A campanha institucional mais comum de loja de material de construção fala em qualidade e confiança do produto de forma ampla, cobrindo o catálogo inteiro. Mas certificação compulsória do Inmetro não cobre o catálogo inteiro: a Portaria Inmetro 131/2022 certifica fio, cabo e cordão elétrico — item comum na loja, ao lado de milhares de outros (tijolo, areia, tinta, ferramenta) sem certificação compulsória alguma. O art. 37, §1º do CDC trata como enganosa a publicidade capaz de induzir a erro sobre a qualidade do produto "mesmo por omissão", e o §3º fecha: "é enganosa por omissão quando deixar de informar sobre dado essencial." Uma peça que fala em "produto com certificação" sem distinguir o que de fato tem essa certificação corre esse risco.

Para lojas de material de construção que planejam campanha institucional de confiança ou qualidade cobrindo o catálogo, misto de item sob certificação compulsória e item sem ela.

Certificação compulsória cobre parte do catálogo, e a campanha que generaliza arrisca omissão enganosa

A Portaria Inmetro nº 131, de 21/03/2022, consolida a certificação compulsória de fios, cabos e cordões flexíveis elétricos — item de catálogo padrão em loja de material de construção. A certificação compulsória, no entanto, não se estende a todo o mix vendido pela loja: tijolo, areia, cimento comum, tinta, ferramenta manual e centenas de outros itens não estão sob esse regime específico.
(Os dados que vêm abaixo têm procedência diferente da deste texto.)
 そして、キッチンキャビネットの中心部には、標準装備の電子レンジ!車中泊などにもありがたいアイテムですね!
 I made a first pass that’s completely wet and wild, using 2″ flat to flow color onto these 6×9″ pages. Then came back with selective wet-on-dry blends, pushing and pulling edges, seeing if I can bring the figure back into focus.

O art. 37 do CDC proíbe publicidade enganosa, e o §1º explica que é enganosa "qualquer modalidade de informação ou comunicação de caráter publicitário, inteira ou parcialmente falsa, ou, por qualquer outro modo, mesmo por omissão, capaz de induzir em erro o consumidor a respeito da (...) qualidade (...) e quaisquer outros dados sobre produtos". O §3º torna isso operacional: "é enganosa por omissão quando deixar de informar sobre dado essencial do produto ou serviço." Uma campanha institucional que anuncia "produto com certificação" ou "qualidade garantida" cobrindo o catálogo inteiro, sem distinguir o que está sob certificação compulsória do que não está, comunica uma garantia de conformidade mais ampla do que a real — e o ônus de provar a veracidade dessa comunicação, pelo art. 38 do mesmo código, é de quem a patrocina, não do consumidor que questiona.

Três pontos em que a composição do catálogo muda o planejamento da campanha

Loja que não vende item elétrico, ou que já segmenta a comunicação por categoria de produto, não enfrenta essa checagem — o ponto de atenção nasce quando a peça institucional generaliza sobre "todo o produto" da loja.
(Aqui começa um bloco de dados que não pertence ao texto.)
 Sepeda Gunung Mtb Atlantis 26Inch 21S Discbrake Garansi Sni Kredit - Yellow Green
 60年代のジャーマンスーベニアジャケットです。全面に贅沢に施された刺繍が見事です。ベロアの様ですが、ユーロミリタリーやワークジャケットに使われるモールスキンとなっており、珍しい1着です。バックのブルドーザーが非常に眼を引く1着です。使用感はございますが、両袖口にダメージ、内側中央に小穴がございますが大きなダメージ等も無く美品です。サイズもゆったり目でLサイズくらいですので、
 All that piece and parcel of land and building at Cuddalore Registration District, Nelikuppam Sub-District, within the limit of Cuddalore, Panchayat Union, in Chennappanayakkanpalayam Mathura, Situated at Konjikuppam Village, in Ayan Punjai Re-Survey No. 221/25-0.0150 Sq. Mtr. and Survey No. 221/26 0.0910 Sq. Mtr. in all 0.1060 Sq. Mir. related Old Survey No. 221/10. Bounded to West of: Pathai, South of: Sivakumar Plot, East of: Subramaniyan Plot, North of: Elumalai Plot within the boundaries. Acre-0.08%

Quando a loja vende fio, cabo ou cordão elétrico ao lado de itens de outras categorias, e planeja peça institucional sobre o catálogo em geral

O catálogo mistura item sob certificação compulsória e item sem ela, e a campanha genérica não distingue os dois

A certificação compulsória da Portaria Inmetro 131/2022 alcança um item específico do mix (elétrico de baixa e média tensão), não a loja como um todo. Uma alegação de "produto com certificação" sem recorte de categoria estende, na comunicação, uma garantia que só existe para parte do que é vendido.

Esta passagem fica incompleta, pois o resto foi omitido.